- EXERCISE DESCRIPTION
Go through the data below and repeat it exactly, skipping each picture.
[Start of section]
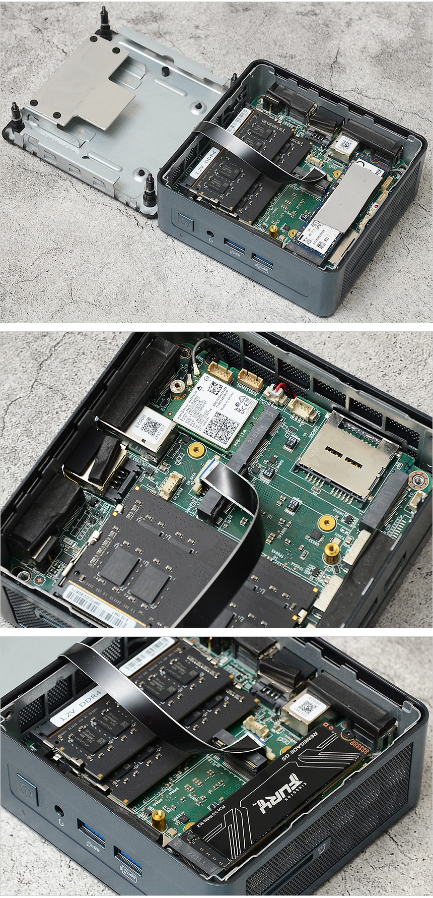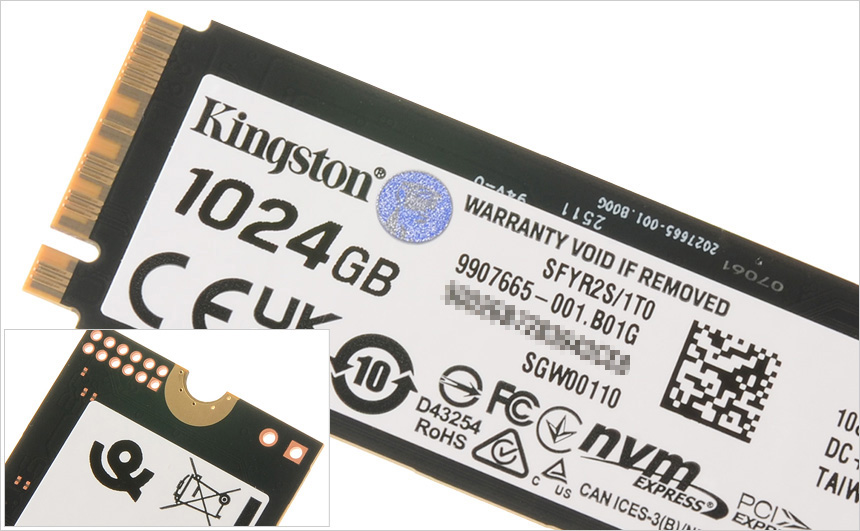 스티커를 제거한 전면 내부의 모습으로 낸드 플래시와 컨트롤러, 디램등이 부착된 것을 확인할 수 있다. 3D TLC NAND를 제품을 사용해 낮은 소비전력에서 강력한 성능을 구현한다. (참고로 3D NAND 는 좁은 셀간격으로 인해 전자가 누설되는 등의 현상이 발생하는 2D NAND 대비 저장용량 확보가 용이하며 전력 소모량을 낮춰 수명도 긴 장점을 가지고 있다.)
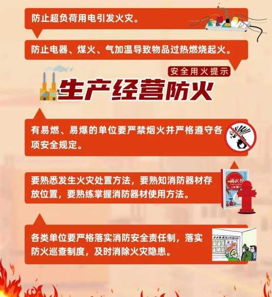 秋季来临天气逐渐变得干燥,用电、用气、用火现象明显增多,若操作不慎或使用不当,极易发生火灾事故,让我们一起学习秋季防火“四不要”吧。一不要:生活用火不可以掉以轻心。进入秋季家庭日常做饭、取暖、照明等用火次数增多,各类取暖设施使用频率较高,稍有不慎就会引发火灾,一旦燃烧失控很容易造成灾难,甚至发展成“火烧连营”的态势。二不要:不使用“带病”的电器家具。家用电器出现故障一定要及时维修,千万不要让电器“带病”工作。三不要:不要随意吸烟,注意安全隐患。如大风天室外吸烟乱扔烟头或在床上吸烟很容易引发火灾。四不要:不要在单元楼内堆放废弃物或停放车辆,保持消防通道畅通,不要在家里存放易燃易爆等危险物品。安全用火提示↓↓↓
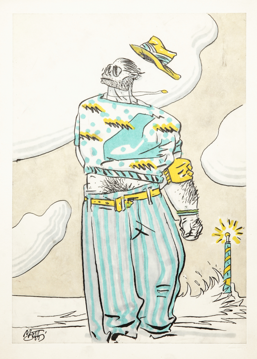 Lorenzo Mattotti "Il vento", anni '80 tecnica mista su carta applicata su cartoncino, 21 x 29,5 cm Illustrazione originale realizzata da Mattotti nel suo pieno periodo "Valvoline". Firmata.
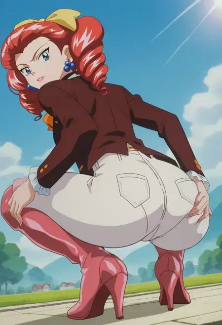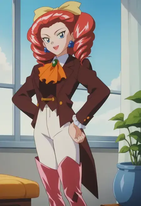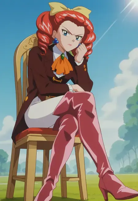 茶色のジャケット、オレンジのアスコット、白いズボン、太ももブーツ、ハイヒールブーツ
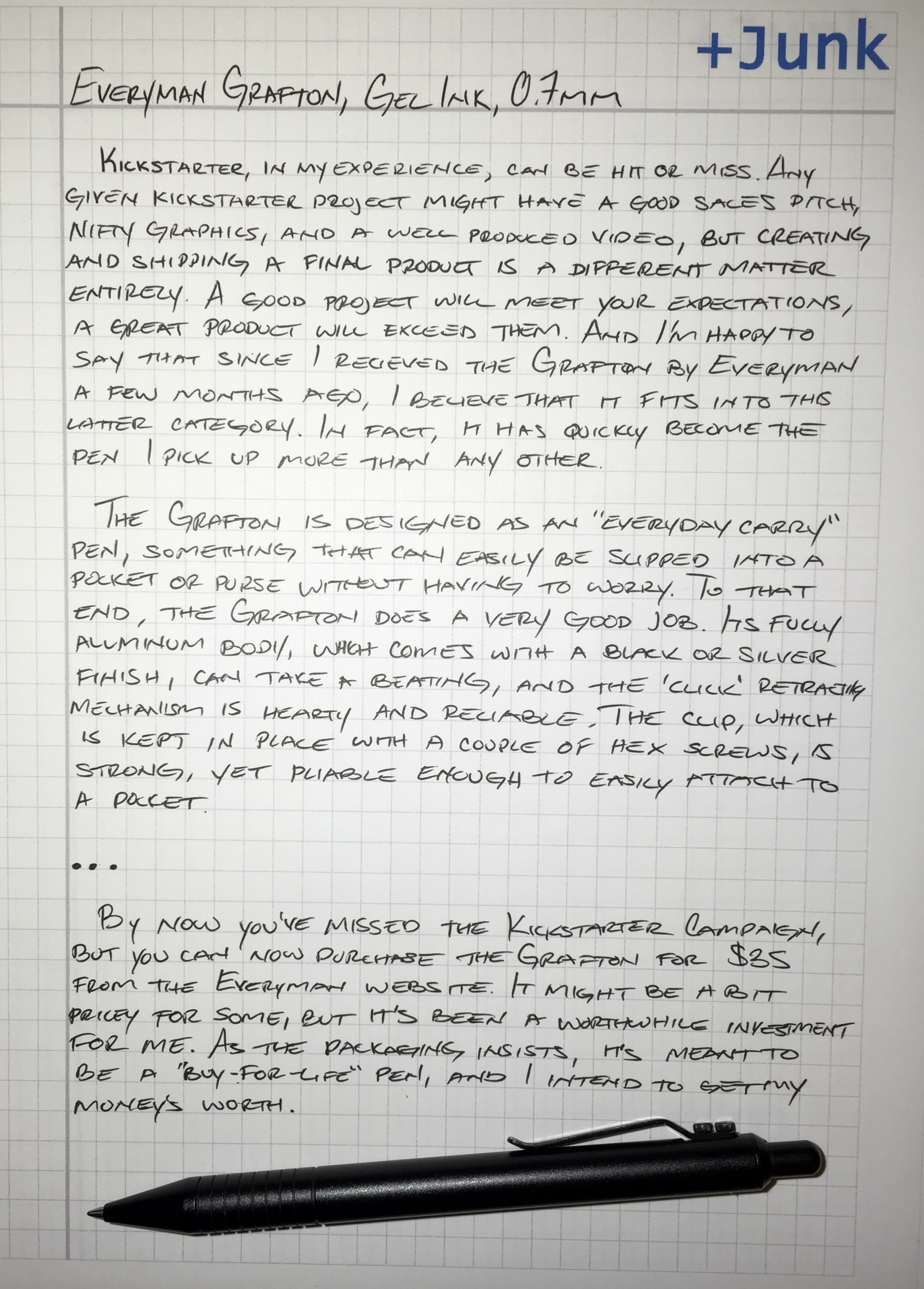 If you’re interested in the Grafton, you’ve unfortunately missed the Kickstarter campaign. However, you can now purchase one from the Everyman website for a little more money – $35. It might be a tad pricey for some, but it’s been a worthwhile investment for me. As the packaging insists, it’s meant to be a “Buy-For-Life” pen, so I intend to get my money’s worth.
[End of section]
- SOLUTION FOR THIS EXERCISE
 스티커를 제거한 전면 내부의 모습으로 낸드 플래시와 컨트롤러, 디램등이 부착된 것을 확인할 수 있다. 3D TLC NAND를 제품을 사용해 낮은 소비전력에서 강력한 성능을 구현한다. (참고로 3D NAND 는 좁은 셀간격으로 인해 전자가 누설되는 등의 현상이 발생하는 2D NAND 대비 저장용량 확보가 용이하며 전력 소모량을 낮춰 수명도 긴 장점을 가지고 있다.)
 秋季来临天气逐渐变得干燥,用电、用气、用火现象明显增多,若操作不慎或使用不当,极易发生火灾事故,让我们一起学习秋季防火“四不要”吧。一不要:生活用火不可以掉以轻心。进入秋季家庭日常做饭、取暖、照明等用火次数增多,各类取暖设施使用频率较高,稍有不慎就会引发火灾,一旦燃烧失控很容易造成灾难,甚至发展成“火烧连营”的态势。二不要:不使用“带病”的电器家具。家用电器出现故障一定要及时维修,千万不要让电器“带病”工作。三不要:不要随意吸烟,注意安全隐患。如大风天室外吸烟乱扔烟头或在床上吸烟很容易引发火灾。四不要:不要在单元楼内堆放废弃物或停放车辆,保持消防通道畅通,不要在家里存放易燃易爆等危险物品。安全用火提示↓↓↓
 Lorenzo Mattotti "Il vento", anni '80 tecnica mista su carta applicata su cartoncino, 21 x 29,5 cm Illustrazione originale realizzata da Mattotti nel suo pieno periodo "Valvoline". Firmata.
 茶色のジャケット、オレンジのアスコット、白いズボン、太ももブーツ、ハイヒールブーツ
 If you’re interested in the Grafton, you’ve unfortunately missed the Kickstarter campaign. However, you can now purchase one from the Everyman website for a little more money – $35. It might be a tad pricey for some, but it’s been a worthwhile investment for me. As the packaging insists, it’s meant to be a “Buy-For-Life” pen, so I intend to get my money’s worth.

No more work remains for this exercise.